Getting bicyclist visibility up top and all lit up, the LUXhelmet — designed by an architect and a team of high school students — puts together an LED-lit helmet with an automatic brake light and could redefine the idea of “whatever gets you through the night” — if it gets funding. The Best Physical Product winner at Santa Barbara’s fourth StartUp Weekend needs enough popular votes to get to Global StartUp finals — as well as the judges’ nod — both of which would lead to a championship faceoff.
At November’s StartUp Weekend, Santa Barbara High School students Makala Hieshima, Max Mercurio, and Maria De Angelis paired up with architect Alex Wyndham, who had brought along his bike helmet dotted with LEDs and covered by a translucent milk jug to turn it into a night light. Together they developed an LED-encased helmet with Mercurio’s addition of an accelerometer to activate a brake light when the rider slows. The group had 54 hours to create a business model — LUX Technology — to build and market the helmet, which included construction and programming of a prototype, and also to prepare a 60-second pitch and five-minute presentation. The students, members of SBHS’s Robotics Club, completed a second prototype, which can be seen in this video. The business model was rounded out with the marketing talents of Jill Courtenay (BOS LLC), Alison Antoinette (Juice Club), and Grant Pfund (Kelley School of Business, Indiana U).
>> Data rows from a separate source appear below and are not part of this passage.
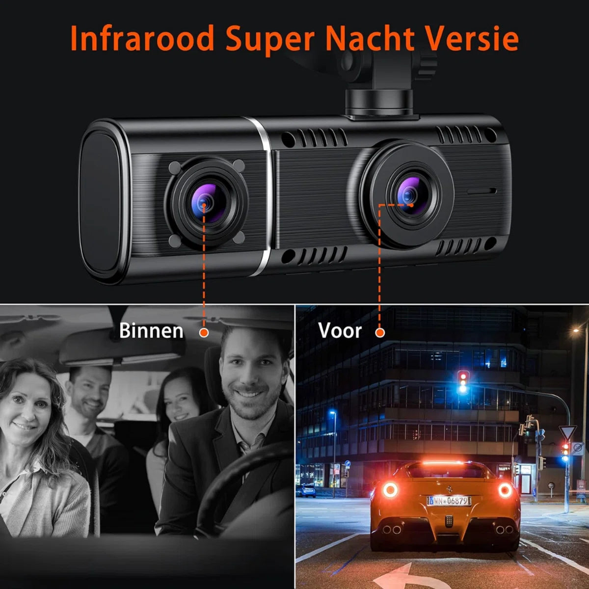 Uitgerust met infrarood nachtzicht levert deze dashcam verbeterd zicht bij weinig licht of duisternis, waardoor u duidelijke beelden kunt vastleggen van nachtelijke rijscenario's zonder verblinding of reflecties.
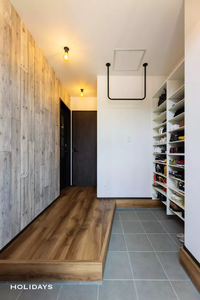 畳数以上に広く感じられるような工夫がされた玄関。3帖ほどの広さだが、奥行きを感じられるような玄関框のデザインや、建具の色味もブラックを使用している。また、縦方向も広さを感じられるよう、縦貼りした木目のアクセントクロスを採用し、照明にもデザインを付けることで自然と目線が上に行くように空間に工夫を施した。
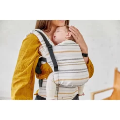 Nuestra hermosa colección de cáñamo resalta con color en nuestro portabebés de ágata a rayas. Como una piedra del desierto, cremas, grises, beige y grises se unen en nuestros portabebés Explore y Free to Grow.
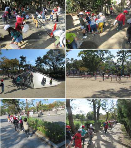 どんぐり・松ぼっくり・落ち葉を探しに行きました。
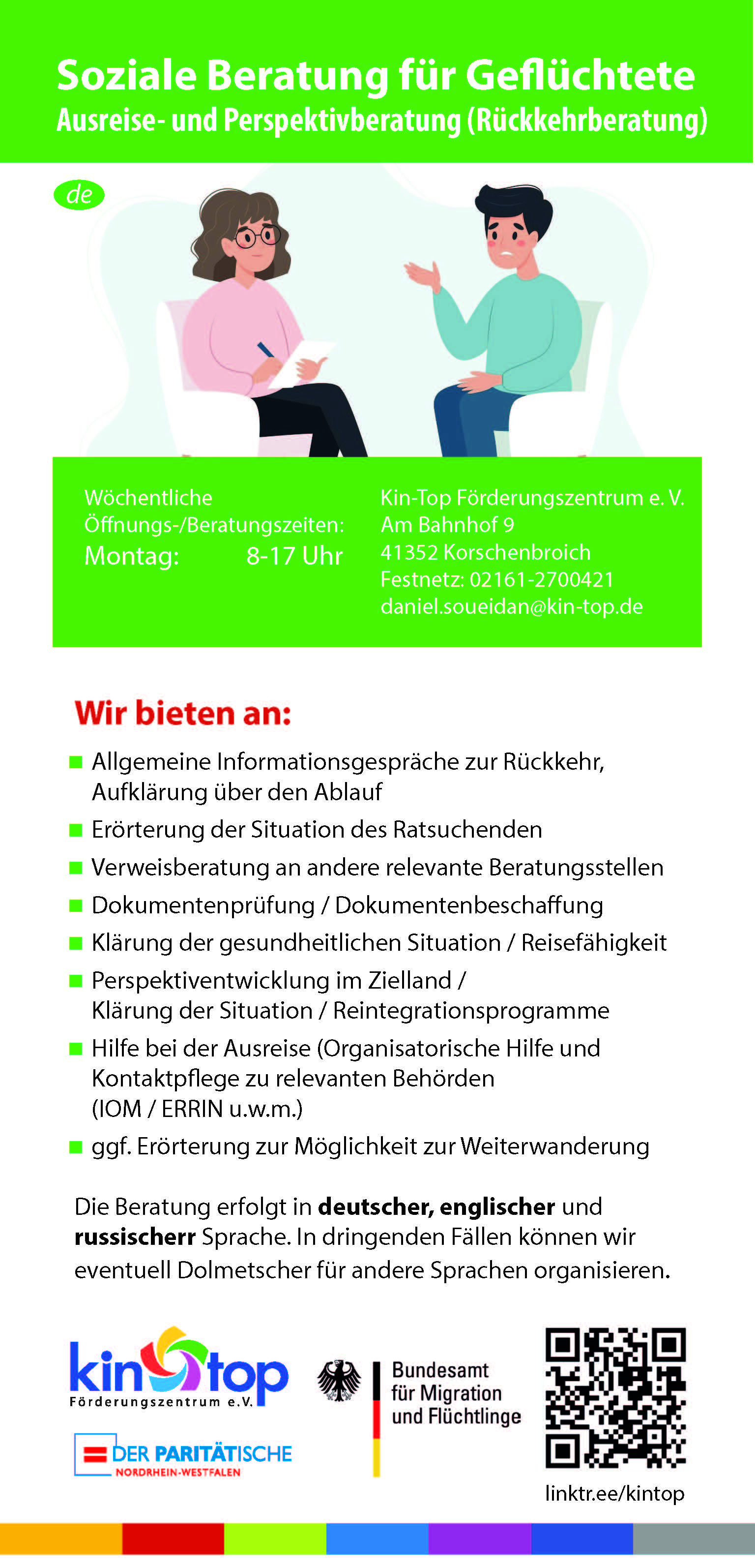 Soziale Beratung für Geflüchtete Social Counseling for Refugees in Korschenbroich Kin-Top Förderungszentrum e.V.
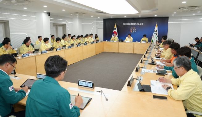 제주도는 18일 오전 도청 한라홀에서 오영훈 지사 주재로 주간혁신성장회의를 개최하고 교통 서비스 개선, 국정과제 대응, 통합돌봄 이용자 확대, 을지훈련 등 주요 현안을 논의했다.

Wyndham described the prototype as something any night-working, hard-hat-wearing person could use, whether a Caltrans worker, firefighter, or aircraft ground marshal. The addition of the tiny lights, accelerometer, and AA batteries to power them only added a few ounces to the total weight of the helmet, he said, projecting that the final design could even be a versatile cover for any hard hat.
Voting ends Wednesday, December 3, to help get these homegrown entrepreneurs toward their goal.